EXERCISE GOAL: Print, word for word, the opening line of the data below and every line after it through the line that contains "同社では、2月に「ナイトツア", but not the pictures.

RAW DATA:
= = =

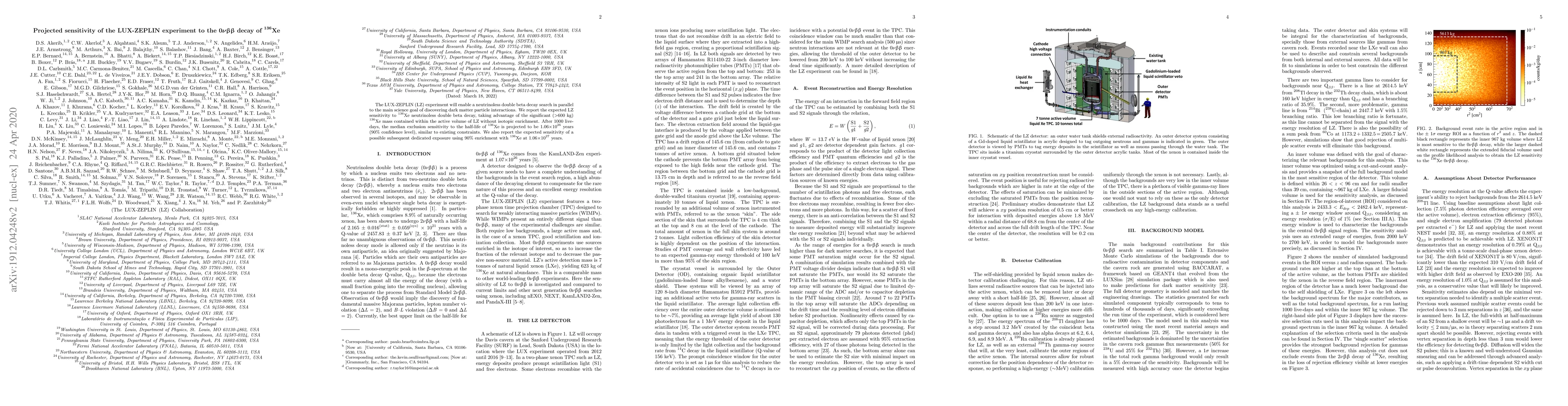 The LUX-ZEPLIN experiment is expected to achieve sensitivity similar to existing constraints for detecting $^{136}$Xe neutrinoless double beta decay after 1000 live-days, with improved sensitivity possible with future dedicated exposure.
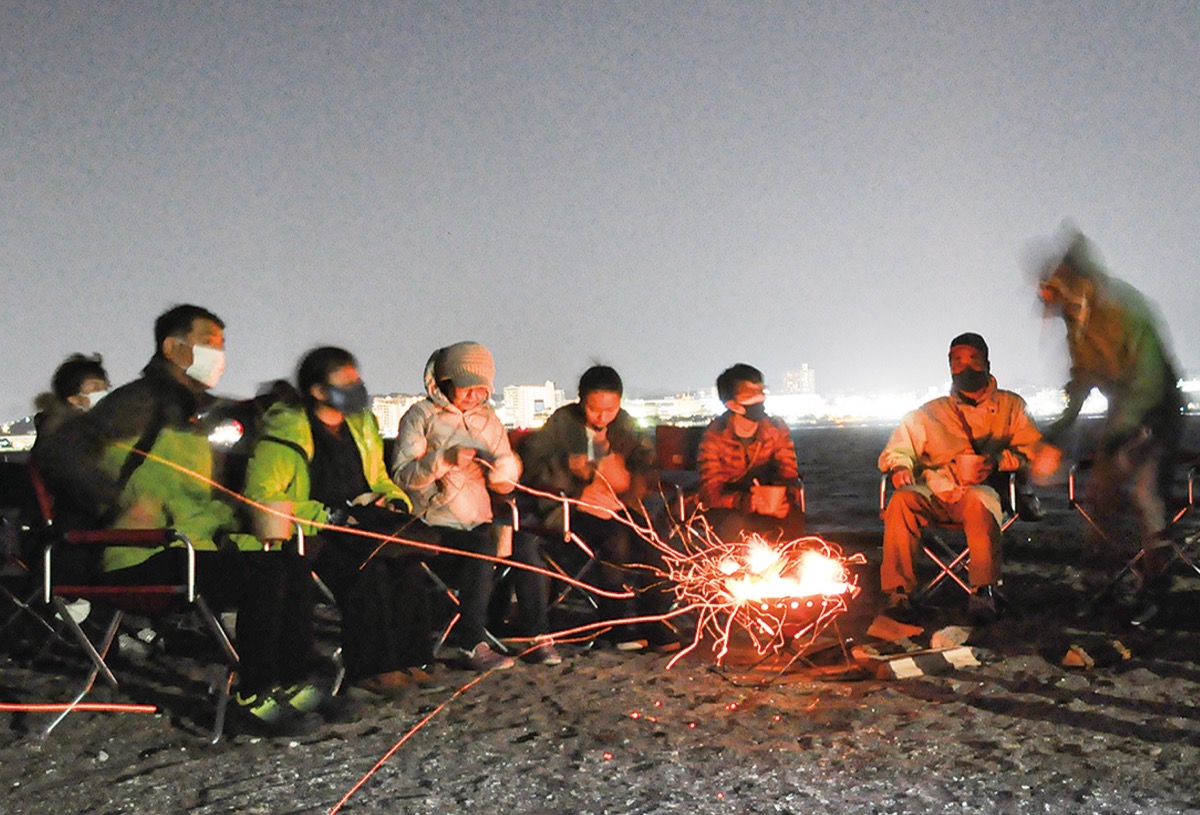 同社では、2月に「ナイトツアー」「サンライズツアー」の2本を試験実施した。前者は、トンネルや弾薬庫などライトアップした猿島要塞跡をガイドの案内でめぐる企画。静寂の異空間をつくりだし、幻想的な雰囲気を味わってもらう。島内を散策した後はビーチに用意した焚火を囲んでカフェタイム。人気アウトドアメーカー、スノーピークのギアを使用するなど細部にもこだわる。
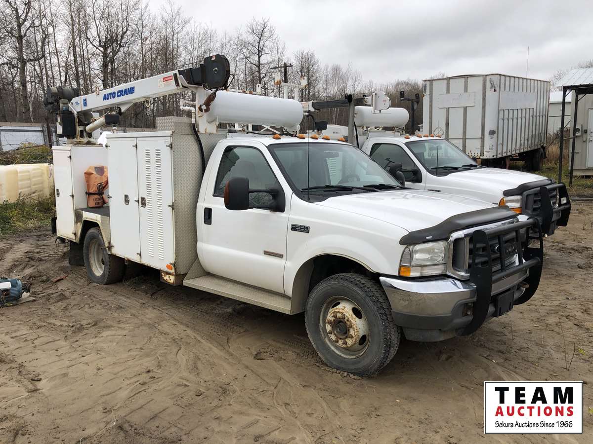 Power Stroke V8 turbo diesel engine, 6 speed manual transmission, P/W, P/L, A/C, Auto Crane 5005EH, air tank, vise, welding reels, Thermo under hood compressor on engine, heated tool box, 19.5 inch tires

= = =

REPLY:
 The LUX-ZEPLIN experiment is expected to achieve sensitivity similar to existing constraints for detecting $^{136}$Xe neutrinoless double beta decay after 1000 live-days, with improved sensitivity possible with future dedicated exposure.
 同社では、2月に「ナイトツアー」「サンライズツアー」の2本を試験実施した。前者は、トンネルや弾薬庫などライトアップした猿島要塞跡をガイドの案内でめぐる企画。静寂の異空間をつくりだし、幻想的な雰囲気を味わってもらう。島内を散策した後はビーチに用意した焚火を囲んでカフェタイム。人気アウトドアメーカー、スノーピークのギアを使用するなど細部にもこだわる。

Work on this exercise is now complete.